In today’s Google vs Australian Competition and Consumer Commission decision, the High Court found that Google was merely a publisher and not the author of any of the advertisements in its AdWords programme, which creates sponsored links based on the user’s internet search.
If the user enters a search term for a company or product name, the advert would sometimes be that of a competitor. The content and text accompanying the sponsored link is written by the company advertising on Google.
The Australian Competition and Consumer Commission (ACCC), a government watchdog, alleged that Google violated section 52 of the Trade Practices Act 1974, which states that “[a] corporation shall not, in trade or commerce, engage in conduct that is misleading or deceptive”.

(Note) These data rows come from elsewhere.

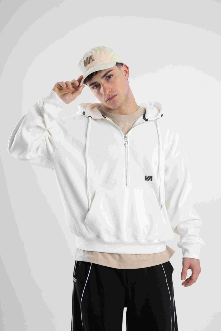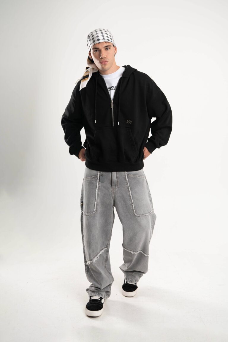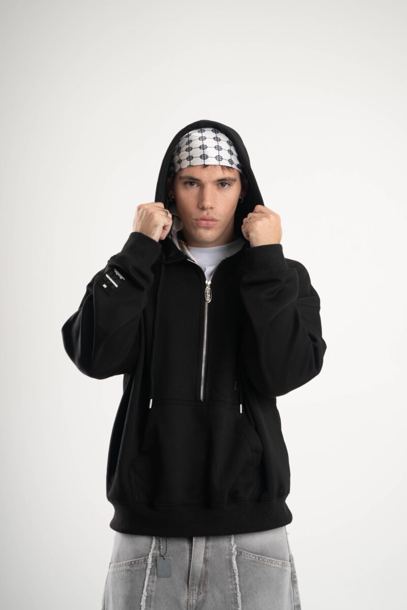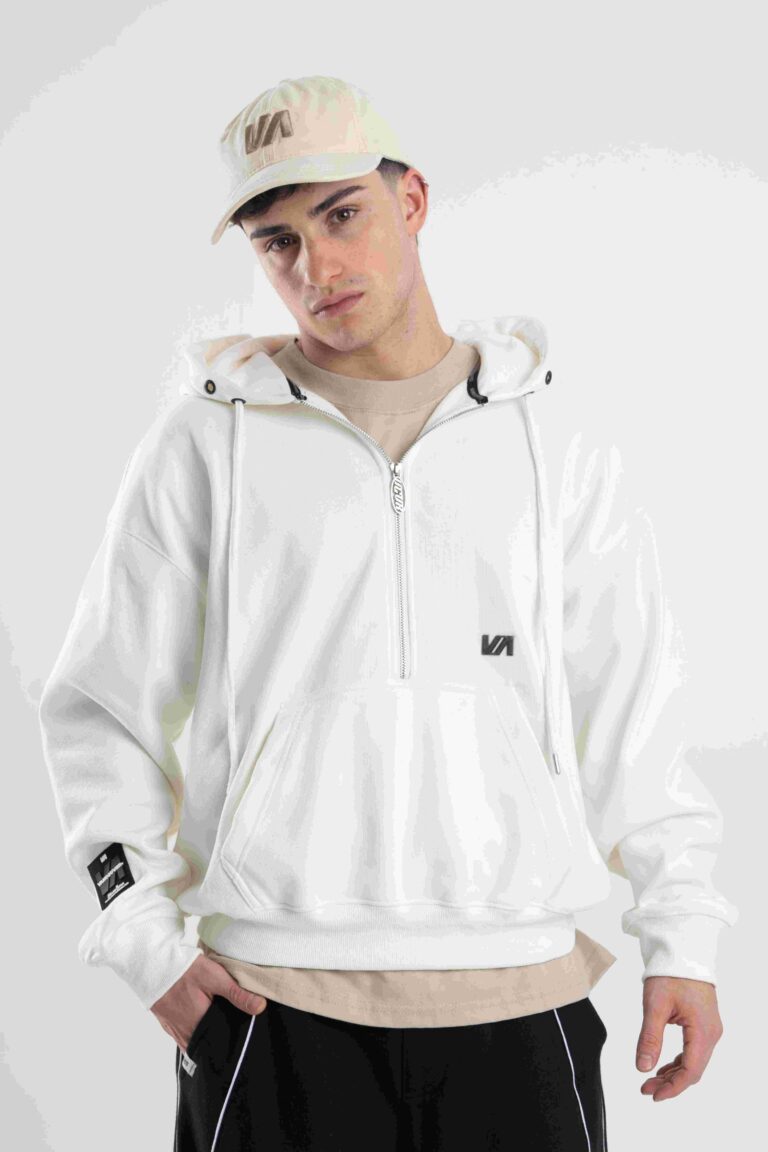 Buzo canguro de frisa importada de calce boxy.
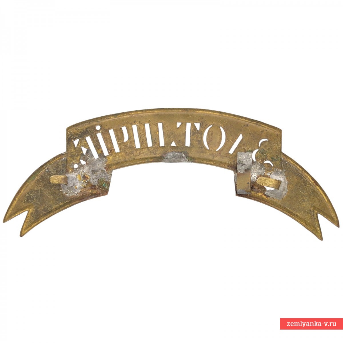 The original tape is in stock collector's condition. It is an exceptional rarity in such preservation. Brass, stamping. The letters are slotted. An enlarged ribbon, presumably for wearing on a shako. Guarantee of authenticity.
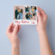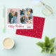 Ordenador de Papel Feriado do Escovo Vermelho de Natal Feliz, Colagem de 4 Fotografias Simples e Moderno, em branco vermelho. Este cartão festivo, minimalista, com quatro (4) fotos da família apresenta uma bonito colagem fotográfica e diz que "Feliz Natal" é escrito em um tipo de letra de escrita de pincel com letra escrita à mão. Do lado de trás, fundo de neve. Bonito cartão de boas-vindas para sua família e amigos na temporada de festas de inverno.
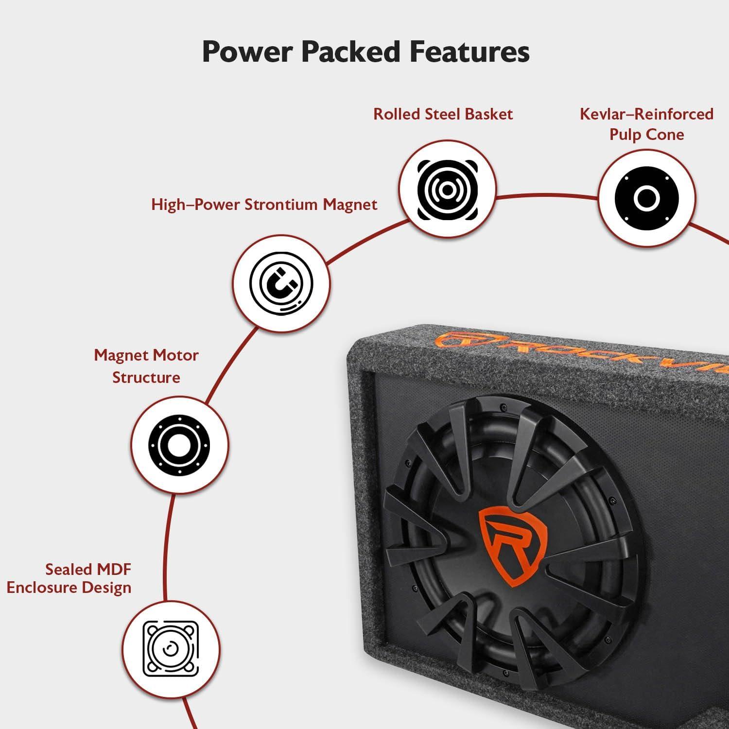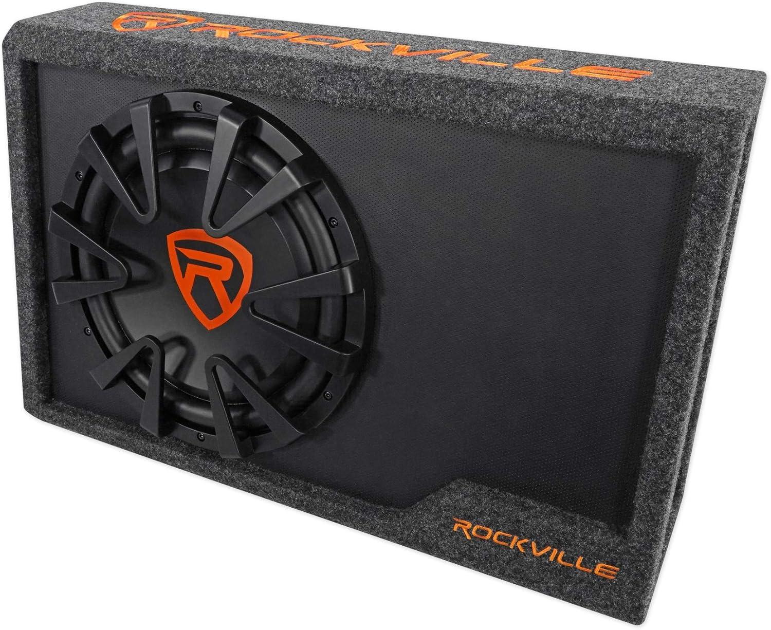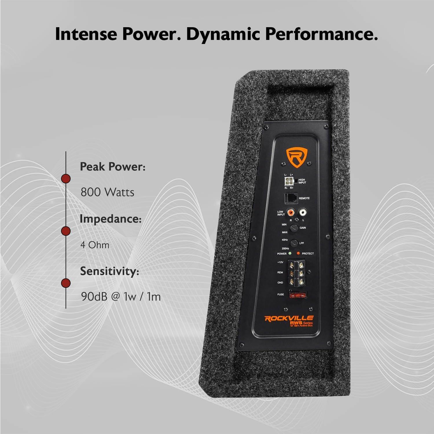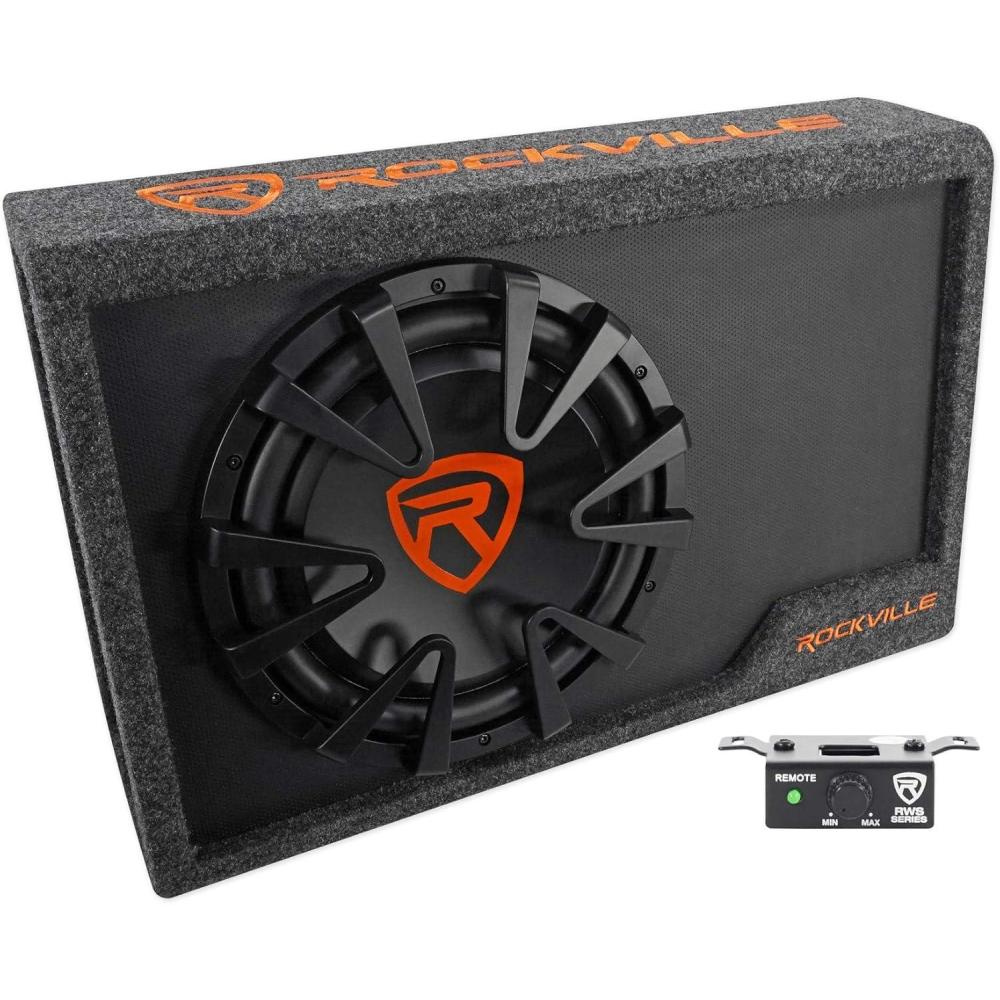 Rockville RWS12CA 1200W 12″ Amplified Powered Car Subwoofer Enclosure, 4 Ohm, Slim Design, Built-in Amplifier, Remote Bass Control, for Cars, Trucks & SUVs

The trial court found that some of the advertisements were misleading but that Google merely communicated the advertisers’ representations. On appeal, the Full Federal Court reversed, finding that “Google’s conduct cannot fairly be described as merely passing on the statements of the advertiser for what they are worth”.
The High Court reversed the Full Federal Court’s decision, stating that “Google did not author the sponsored links; it merely published or displayed, without adoption or endorsement, misleading representations made by advertisers.”
The ACCC had argued that through its keyword-matching technologies, Google had produced the misleading advertisements. The High Court rejected this argument stating that even with Google’s keyword technology, “[t]he automated response which the Google search engine makes to a user's search request by displaying a sponsored link is wholly determined by the keywords and other content of the sponsored link which the advertiser has chosen. Google does not create, in any authorial sense, the sponsored links that it publishes or displays.”
The High Court emphasised that the decision does not go into whether the four underlying adverts in these cases were themselves misleading, but only whether Google’s conduct violated section 52.
Gilbert + Tobin represented Google, while Corrs Chambers Westgarth represented the ACCC.
Last year, software maker Rosetta Stone sued Google in the US, alleging that the AdWords programme infringed its trade mark. The companies eventually settled the dispute.